今月1日、各省庁からの平成28年度税制改正要望が公表されました。税制改正要望はあくまで要望なので、年末の大綱、その後の改正を経て実現されることになります。個人的には、特に目を引く要望が出されているわけではないと思いますが、その中でも注目される要望をいくつかピックアップしてみます。

【経済産業省】
・印紙税の根本的見直し(印紙税)
印紙税は経済取引における契約書や領収書等に対して課せられる文書課税であるが、近年の電子取引の増大等を踏まえ、制度の根幹からあり方を検討し見直す。

そもそも印紙税は、ヨーロッパにおいて戦費調達の為に導入された税制で、所得等に課税をしない担税力には疑問がある税制で、今までも様々な団体から廃止要望が出されています。
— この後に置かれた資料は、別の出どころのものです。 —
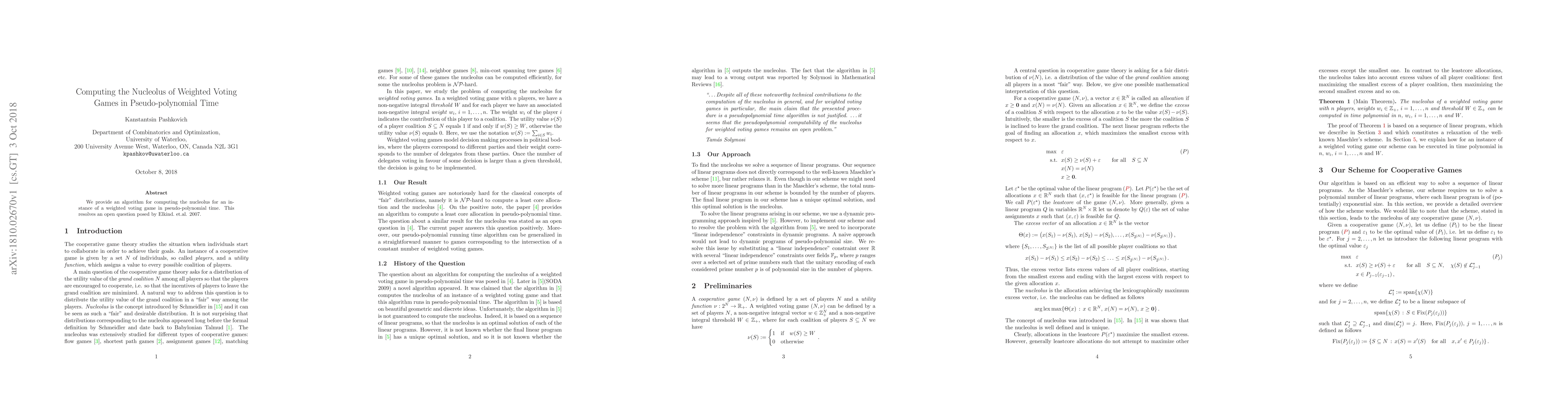 Summary: This paper presents an algorithm to compute the nucleolus for weighted voting games in pseudo-polynomial time, addressing an open question from Elkind et al. (2007) and offering a solution to the problem.
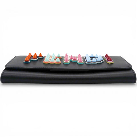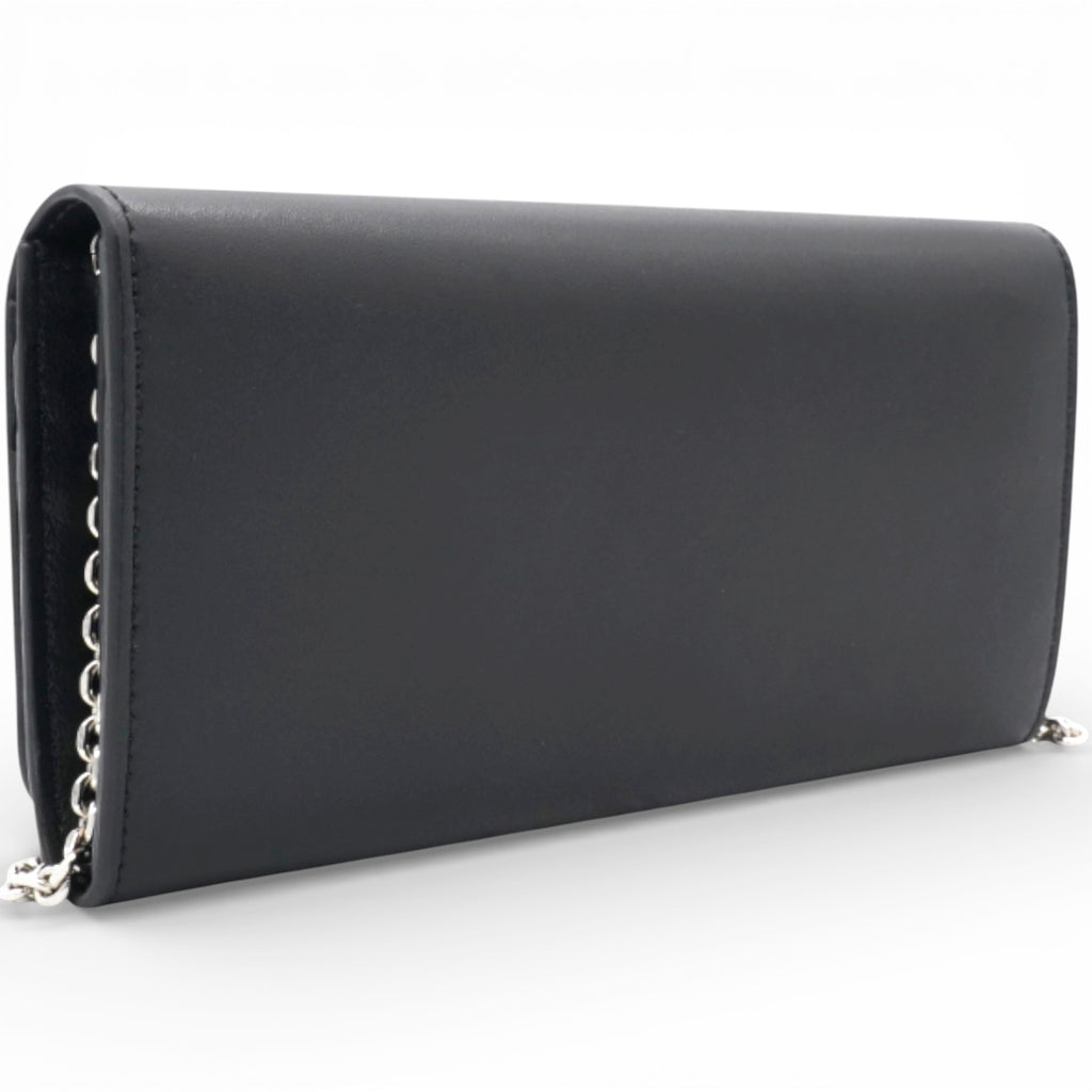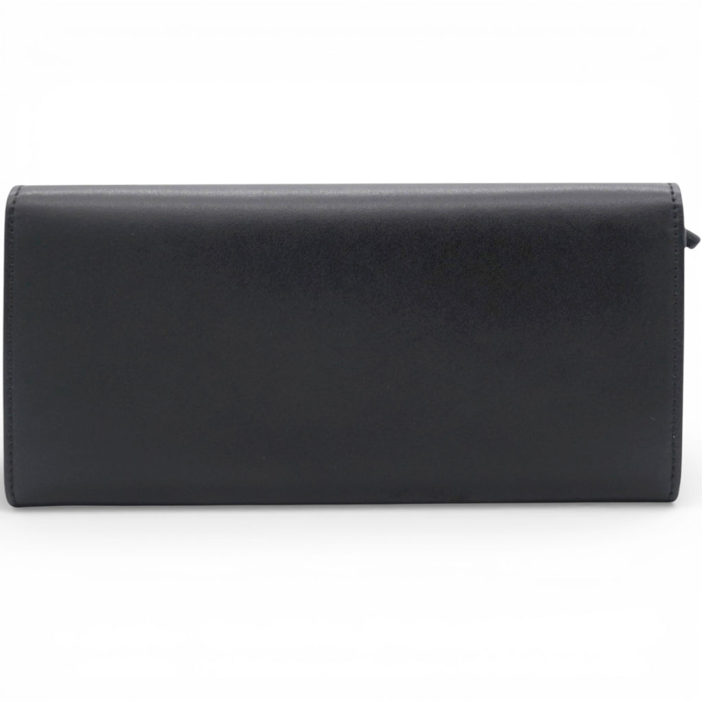 Black Leather Logo Multifunction Wallet on Chain
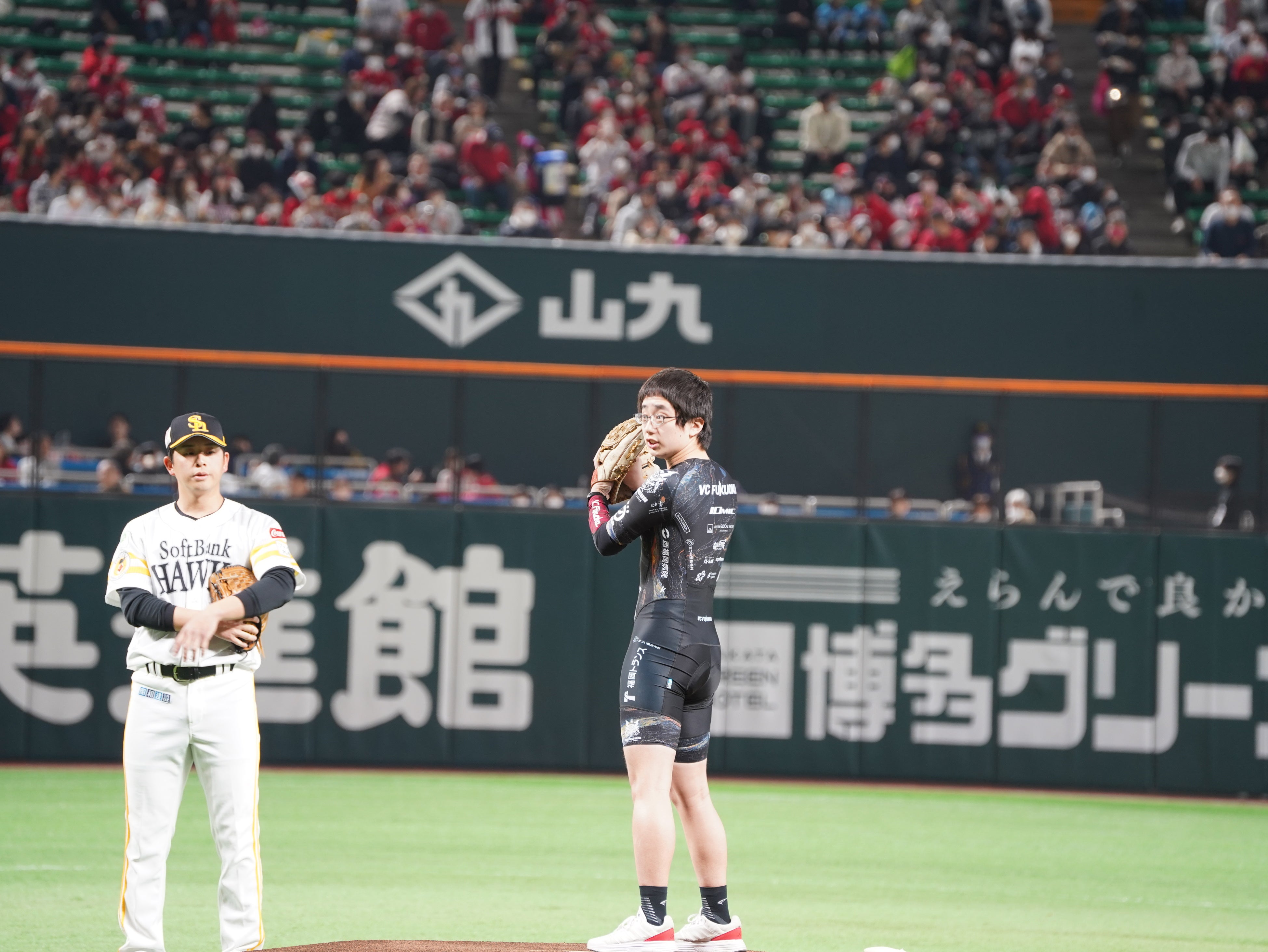 始球式は、VC FUKUOKA所属選手の知的障がい者でありながら自転車競技に打ち込み、昨年国際大会で優勝した実績をもつ大谷春樹がその機会を頂いた。
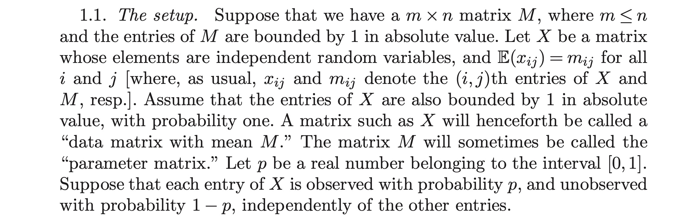 First, a simple step to regulate how many entries exactly did we observe: the proportion of observed entries, according to a beautiful Talagrand concentration inequality, will be centered around $p$ with high probability. So we might as well work with as if exactly $p$ of the entries are observed (by adjusting the bounding constants if necessary).
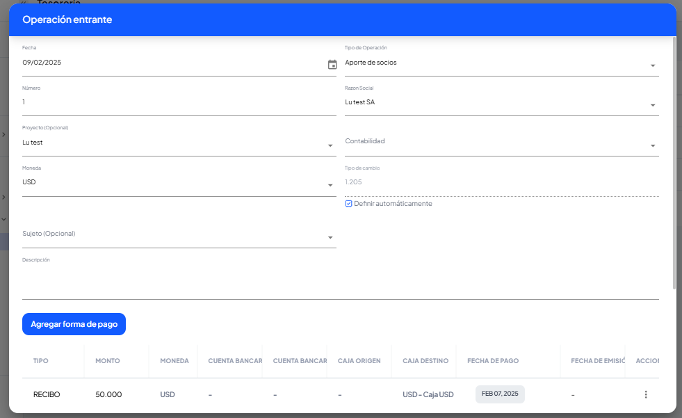 Paso 6: Agregaremos la forma de pago donde indicaremos, si fue en efectivo, movimiento bancario, cheque, monto, caja.
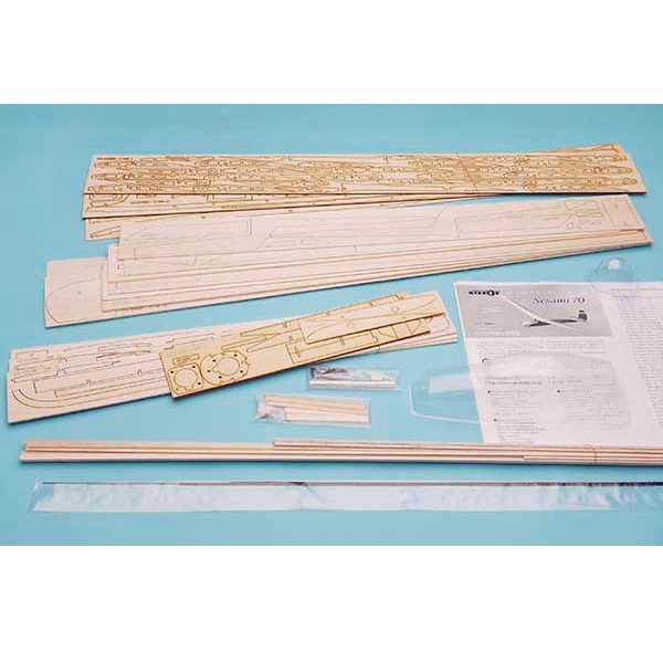 「セサミ70」は国内で加工された木部部品と図面で構成されたバルサ組立キットです。レーザーカットにより正確に加工された部品は、短時間で正確に組み上げることが出来ます。長年のレーザーカットキット製造の経験とグライダー設計のノウハウを集めた「セサミ」は、軽量であることは勿論、組み立てやすさに重点を置き、レトロ感あふれた設計となっています。
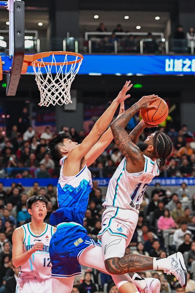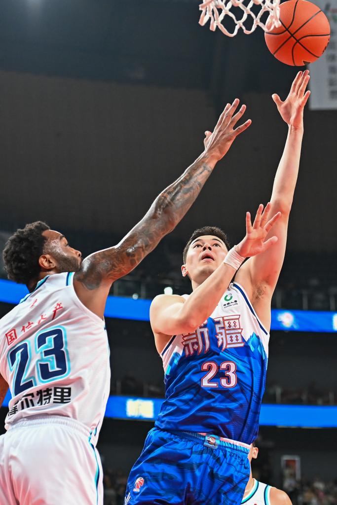 10月31日,新疆伊力特队球员齐麟(右)在比赛中进攻。
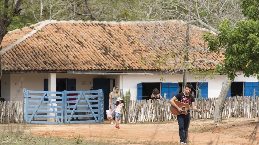A percepção brota desde que a porteira azul da fazenda é avistada ao longe. Detalhe importante: nenhuma das outras moradias do distrito de Daniel de Queiroz possui aquela marca cromática. A informação é chancelada por Daniel Victor, guia da fazenda, responsável por apresentar os detalhes da habitação durante visitas empreendidas ao imóvel.
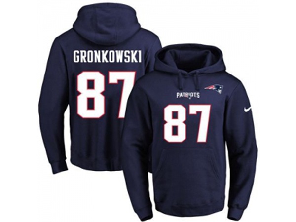 New England Patriots #87 Rob Gronkowski Navy Blue Name & Number Pullover NFL Hoodie
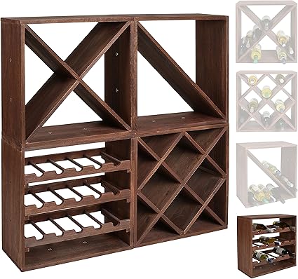 Ts Ideen 1x Weinregal Cube Dunkelbraun 24 Flaschen Flaschen Regal Holz Wein Stapelbar Keller Amazon De Kuche Haushalt
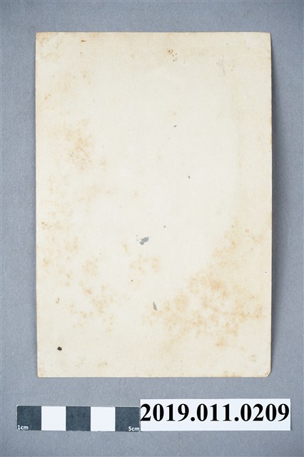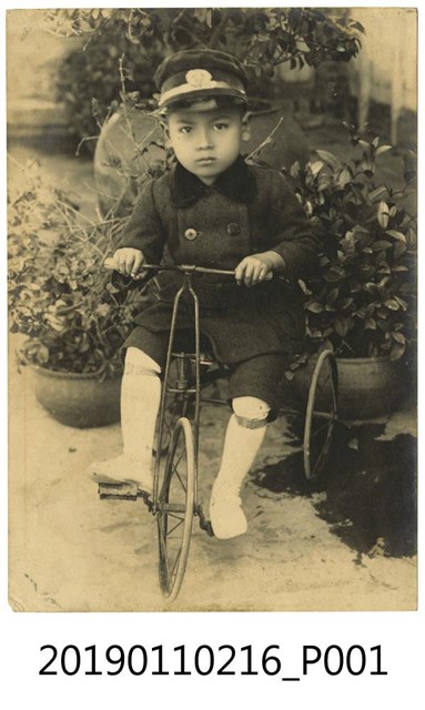 本文物為一張黑白照片。照片中有一名男童騎著三輪車,其後方有數盆植物。男童穿著深色長袖衣服,頭戴帽子,其帽子中央有徽章,男童的雙腳於膝蓋部位有束帶綁著。
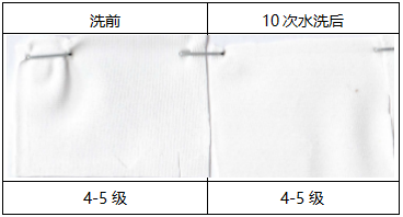 1、处理后的面料,抗酚醛黄变可达到4-5级,防水效果达到4-5级;

電子取引などに対して印紙税は課税されないなど取引手段の選択によって課税の公平性が阻害されていること、近年カード決済が増大してきており、印紙税が取引実態の変化に対応できていないこと等を理由に廃止も含めた根本的な見直しがされることでしょう。

【国土交通省】
・空き家の発生を抑制するための特例措置の創設(所得税)
平成28年4月1日から一定期間内に、旧耐震基準の下で建築された居住用家屋(被相続人のみが居住しており、相続後、空き家となった場合に限る)を相続し、相続後一定期間内に当該居住用家屋の耐震リフォーム又は除却を行った場合、標準工事費(上限250万円)の10%を所得税額から控除する

以前このブログでも紹介しましたが、空き家対策推進特別措置法が本年2月から一部施行され、5月26日に全面的に施行されています。所得税においても、適切な管理が行われていない空き家が防災、衛生、景観等の地域住民の生活環境に与える深刻な影響を考慮し、適切な対策がなされた場合は一定の優遇措置を設けるものです。

【金融庁】
・死亡保険金の相続税非課税限度額の引上げ(相続税)
死亡保険金の相続税非課税限度額について、現行限度額に「配偶者分×500万円+未成年の被扶養法定相続人数×500 万円」を加算する

この要望には次のような理由が付されています。
「世帯主を亡くした配偶者と未成年の子からなる世帯において相続税納付後の生活資金をより確保していくための配慮が必要であることから、本施策は必要である。」
亡くなった配偶者が世帯主とは限りませんし、相続税を納付する世帯はわずか5%程度のいわゆる富裕な世帯です。そのような世帯に今回のような措置が必ずしも必要か疑問です。このようなところに減税させるよりはもっと別のところにあるのではないかと思ってしまいます。

・上場株式等の相続税評価の見直し(相続税)
上場株式等は、相続税の評価においては、原則として相続時点の時価で評価され、相続時から納付期限までの期間(10 ヶ月間)の価格変動リスクは考慮されていない。
このため、上場株式等は、他の価格変動リスクの小さい資産と比べ、相続税評価上の扱いが不利(相続税評価額が割高)となっている。当該相続税の負担感の差により、投資家の資産選択を歪めることがないよう、上場株式等の相続税評価の見直しを要望するものである。

上記は金融庁の要望理由ですが、相続財産の評価方法は、原則として、相続発生時の時価です。そこに納付期限までの評価変動を考慮するとなると、すべての財産に当てはまることになります。しかも、納付時点で評価が上がる場合も当然にあるわけです。発生時の時価で評価するという原則をゆがめることにならないのか疑問です。

ここで上げた以外にも各省庁から様々な改正要望が出されています。ちなみに、文部科学省からは健康問題と東京オリンピックを見据えたばこ税の増税も出されています。年末の大綱を経てどれだけの要望が実現するか注目です。